Le coronavirus a très peu touché la Sicile : il y a eu 283 morts (y compris les nonagénaires souffrant de diverses graves pathologies), pour 5 millions d’habitants, ce qui est le bilan d’une toute petite grippe. Néanmoins la Sicile a été soumise à la stricte dictature sanitaire, parce que la Sicile c’est l’Italie et que l’Italie c’est la Lombardie. (Les pays les plus décentralisés ont découvert un jacobinisme sanitaire inédit.)
Depuis juin il n’y a plus rien du tout, mais il faut maintenir la dictature. On a donc multiplié les tests. Et sur un millier de tests quotidiens on trouvait entre 0 et 3 ou 4 porteurs du virus. Ce qui suffisait à alimenter la chronique : le virus continue de circuler…
Or c’est une rumeur qui a vraiment commencé à circuler, hors des médias officiels : les rares porteurs du virus qu’on trouve ne sont pas des Siciliens mais des immigrés clandestins. Alors l’épidémiologiste en chef a tenu une conférence de presse, pour dire qu’en effet les porteurs de virus sont surtout des « migrants », mais qu’il est essentiel de se garder du « racisme » et qu’il faut avant tout respecter les « droits des migrants ». Sic.
A partir de ce discours on a fait deux ou trois fois plus de tests. Et depuis lors on trouve tous les jours, outre deux ou trois isolés porteurs du virus, un groupe d’une dizaine ou d’une quinzaine de personnes contaminées : des « migrants ».
On constate donc une forte hausse de la circulation du virus, au point que le taux R est même monté à 1,55. Ce qui implique qu’il ne faut rien relâcher de la dictature sanitaire. (A commencer par l’interdiction de toutes les fêtes religieuses de l’été, bien sûr.
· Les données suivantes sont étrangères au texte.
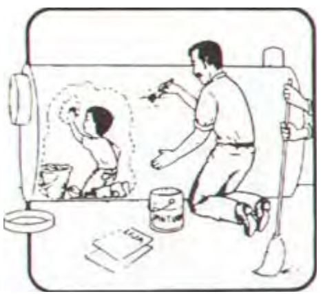
2. Silo Maintenance
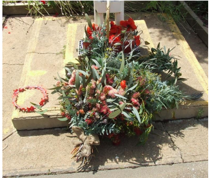
Remembrance Day at Quandialla Public School
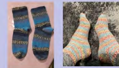
Socks made with Boho Sock yarn (blue) and other sock yarn (right)
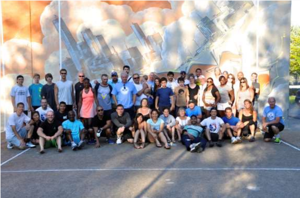
Honey Martin's, Montréal (2014)
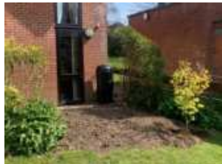
The Acer was chosen and planted
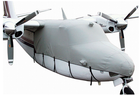
Canopy/Nose Cover (extends over top past leading edge)
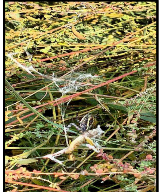
Figure 5b: A. trifasciata The web
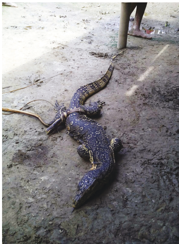
Fig. 3. A Common Water Monitor ( Varanus salvator ) killed for venturing into a human habitation at Rongpur 6, Hailakandi. It was subsequently buried.

from the base of the tail of the lizard, called Shandar tel ('Oil of the Monitor lizard' in the local language), is used as a sexual lubricant by man. Although the Bengali community people, who are the majority in the present study area, do not consume the lizard themselves, they catch any individuals that venture into the settlements and sell them to the tribes. A moderate sized individual may cost up to 1,000–1,500 INR (~14–21 USD), while the oil is sold at the rate of 500 INR/L (~7 USD).
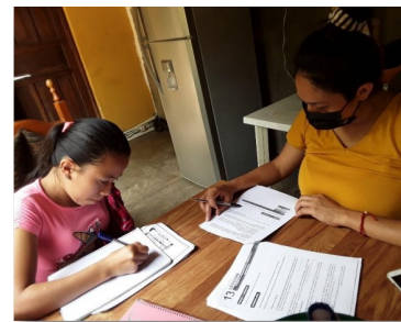
Tutoring session in a home

The tutors report, "These sessions are extremely important considering the new way of learning where students have to self-learn. Their parents are very appreciative of the support HH is providing, especially since many of them are unable to help due to their work schedule or level of education."
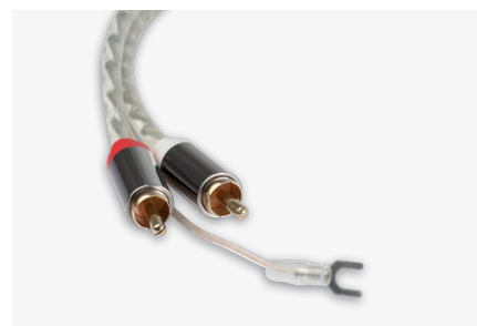
High-quality semi-balanced Connect it E phono interconnect
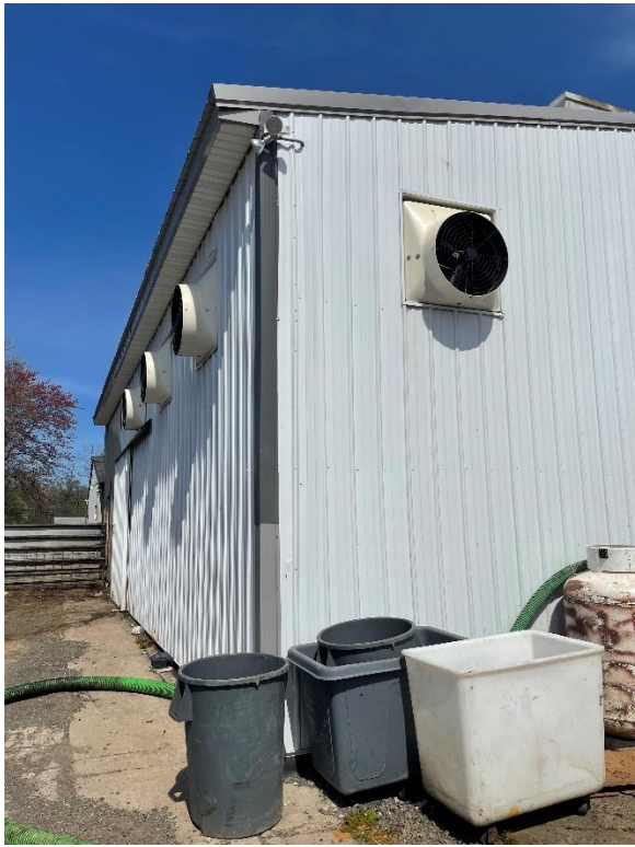
Photo 3 – Vents from singeing room on 4/16/24, 3:00 PM
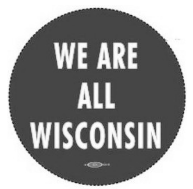
The PSC printed 1,000s of these stickers in red and white

Admittedly, sarcasm and $2.50 gets you on the subway. Let's hope that Wisconsin is the spark that ignites a prairie fire. We need jobs. We need the public sector. We need the labor movement. We need them in Wisconsin. We need them in New York. We need them across the country.
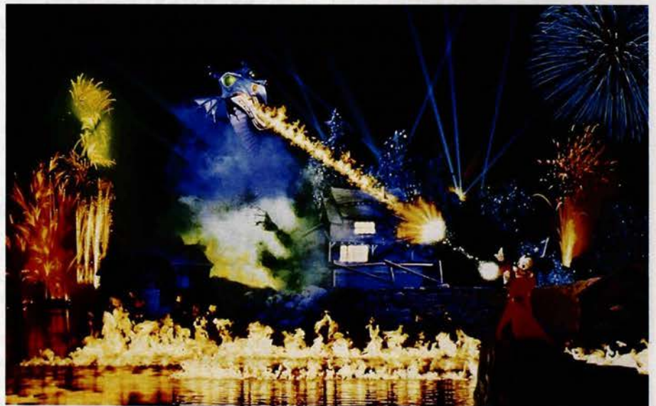
All photographs courtesy of the Anaheim Visitors and Convention Bureau.
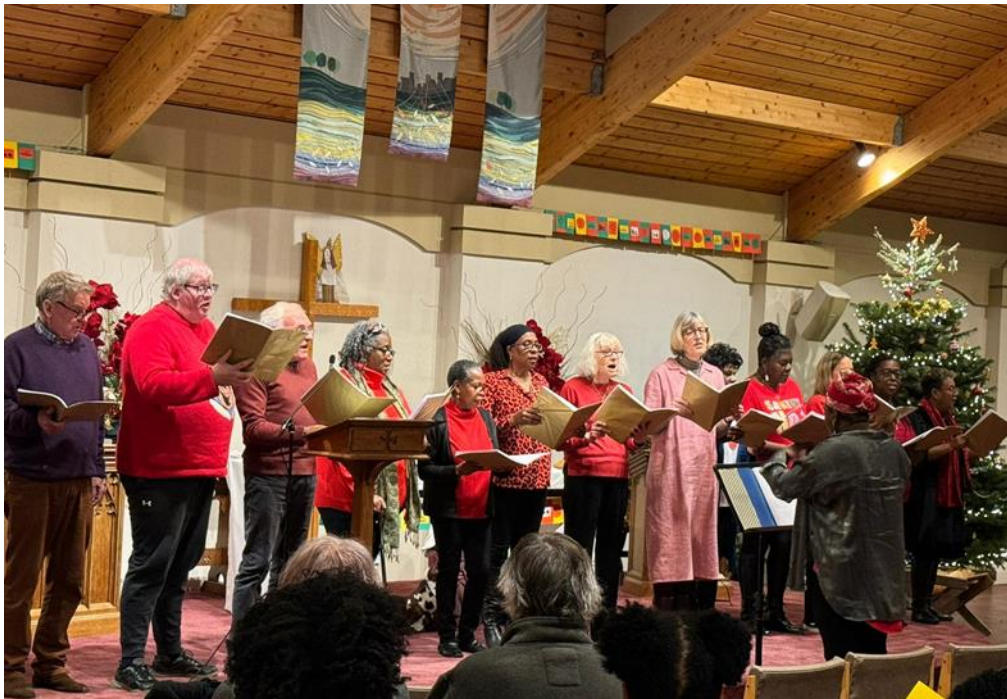
The Immanuel Christmas Choir 2023
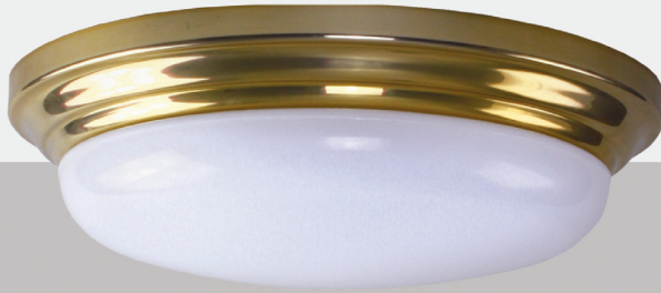
PB -Polished Brass
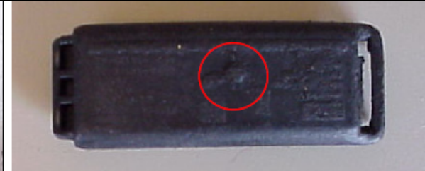
Air Intake Port plugged with tire material.
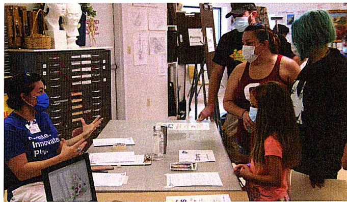
Back to the Arts - Drawing and Painting Studio
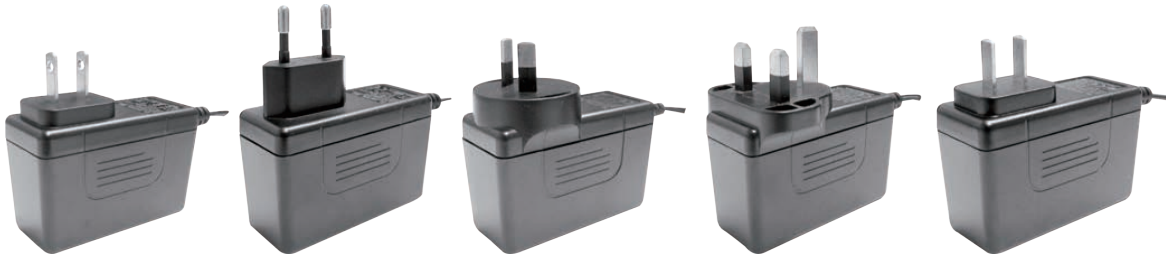
FIG 1: American
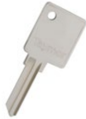
CUSTOM LOGO KEYS
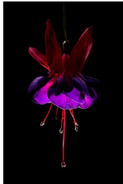
"Voodoo" ~ Chuck Ubele
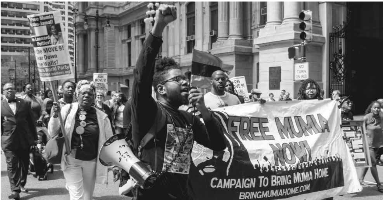
April 18 march for Mumia in Philadelphia.
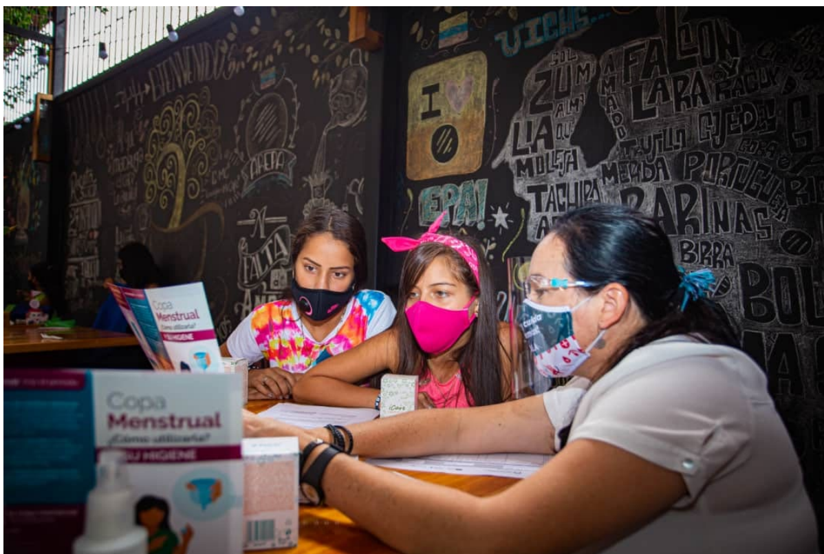
Participants in the Empowerment Curriculum Model for Girls and Adolescents discussed and learned about menstruation and menstrual hygiene and received menstrual cups, a method of menstrual hygiene that is environmentally friendly and helps to minimize costs.

HIAS Venezuela's economic inclusion programs provide opportunities for refugees and host communities to build independent and meaningful futures that allow them to enhance their self-reliance and increase their resilience, including training to improve their nutrition, budget planning, and safe use of electronic payment mechanisms. In addition, HIAS is strengthening the resilience and livelihoods under a focus on protection of some indigenous populations inside Venezuela, through providing technical assistance, training, advice and delivery of basic supplies and materials for production, as well as supplies to meet the immediate needs of the most vulnerable indigenous populations, increasing the resilience and quality of life of these communities. These activities are coordinated with respect as well as a desire to strengthen the capabilities, traditions, and ways of life of each community.
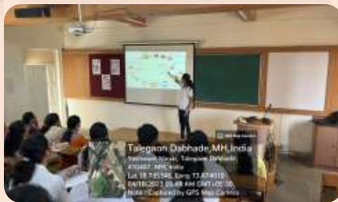
SDL- Student Seminar
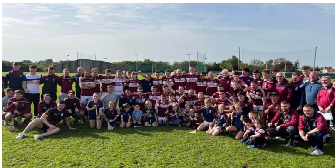
Junior C Premier Champions 2023
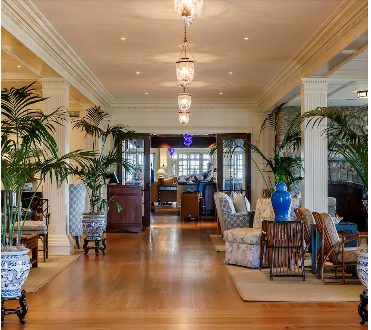
THE LOBBY, OCEAN HOUSE

FROM INTIMATE GATHERINGS TO LARGE CONFERENCES, the Ocean House and Weekapaug Inn offer two different and beautiful seaside New England locations, with distinctive event spaces, elegant accommodations, state-of-the-art facilities and unrivaled services to make every event a success.
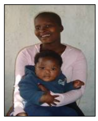
The project aims to involve children in decision-making processes that affect OVC.

Focus group discussions, workshops, and awareness campaigns are regularly conducted to provide age-appropriate HIV/AIDS prevention education to children. Such education allows children an opportunity to develop healthy living attitudes and behaviours. It also lays an early foundation for minimising HIV/AIDS risk in adulthood. A total of 90
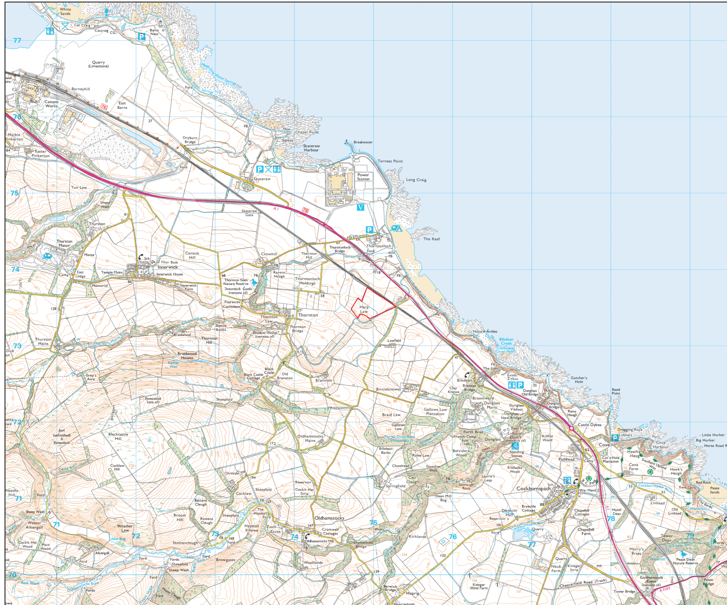
Figure 4 - Location Plan
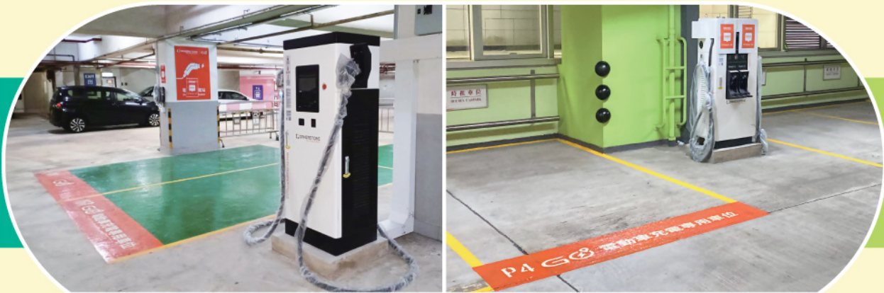
▲ EV charging facilities on G/F of SSC carpark | EV charging facilities on 3/F of DSFC carpark ▲
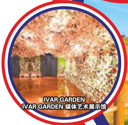
IVAR GARDEN IVAR GARDEN 媒体艺术展示馆
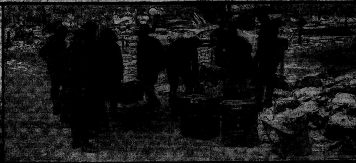
On the British Western Front.—Cold work in the new filling cans of a water point.
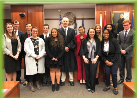
Students and advisors pose with Judge Craig T. Trebilcock, who presided over their Mock Trial. This was the culminating event for the Law Career Exploration Series Program.

The Career Exploration Day Programs and Career Exploration Series Programs once again expanded, with over 30 different career options offered in all 16 nationally-recognized career clusters. These programs continue to serve as an effective way to have students expand their awareness of the required education, training, skills, and character traits of each career. This awareness enables them to make more informed career decisions as they approach the end of their high school careers and finalize their career path. Through partnerships with over 25 different program hosts, YCAL impacted over 750 students. YCAL is planning to expand career exploration offerings to nearly 40 programs next school year.
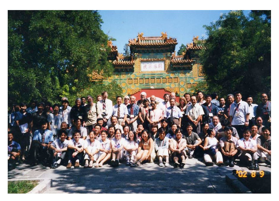
Workshop participants at Wofosi

The workshop was organized jointly by the International Crane Foundation and the Chinese Ornithological Society.
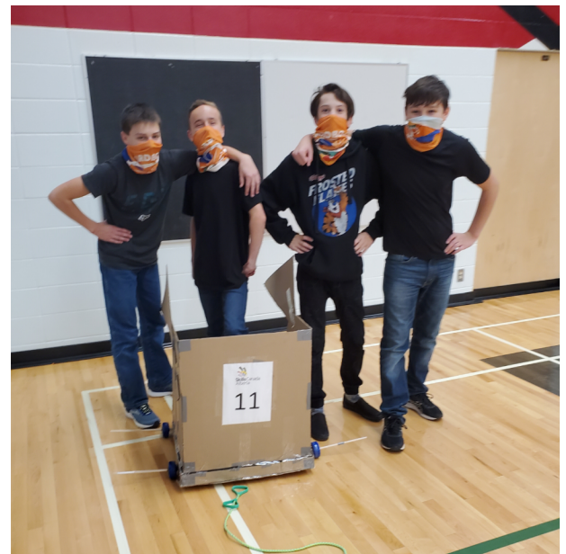
Westglen Spirit Games

Beginning in January, Chinook's Edge will be accepting Kindergarten registrations for the 2021-2022 school year. Children must turn five years old by December 31, 2021 to begin attending Kindergarten in the fall of 2021. Online registration will begin in early January – please visit our website at www.cesd73.ca for Kindergarten information, including the Chinook's Edge schools that offer Pre-Kindergarten programming.
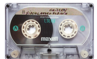
B5 cassetten album (Cassette 1 Side A) Grillen Simulator + Old Mix
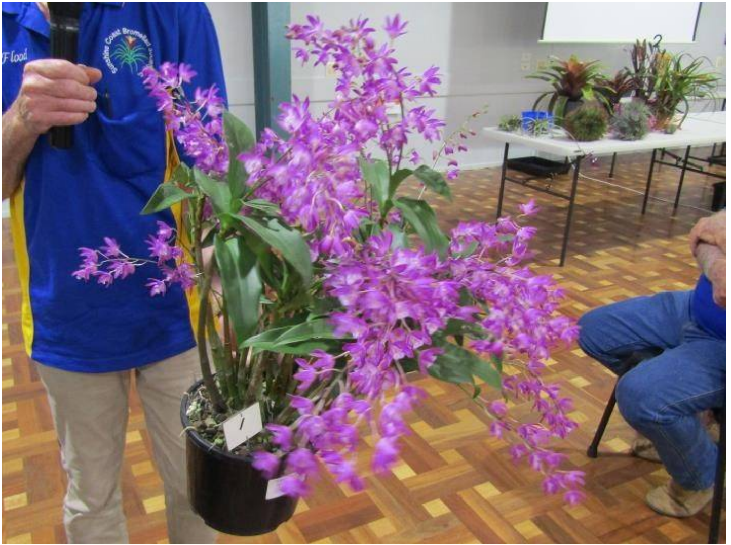
1st Steve Flood (14 Votes) Dendrobium kingianum
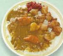
MOCHIKO CHICKEN CURRY $8.00 MOCHIKO CHICKEN PLATE $8.00

Interdiction soigneusement diffusée et brutalement soulignée par… la Conférence épiscopale.)
Ainsi, l’idéologie imigrationniste, par le biais de l’idéologie connexe « antiraciste », vient en renfort de l’idéologie de la dictature sanitaire qui était en danger. Et la dictature sanitaire vient en renfort de l’idéologie immigrationniste : il faut aider les pauvres réfugiés malades, qu’on ne peut évidemment pas expulser.
C’est Ubu empereur.
Et nous n’avons plus d’aventuriers normands, petits-fils de Vikings, pour aller bouter les arabo-musulmans hors de Sicile. De toute façon nous n’avons pas non plus de pape qui bénirait l’opération… On peut juste espérer que ce délire suicidaire conduise au retour de Salvini.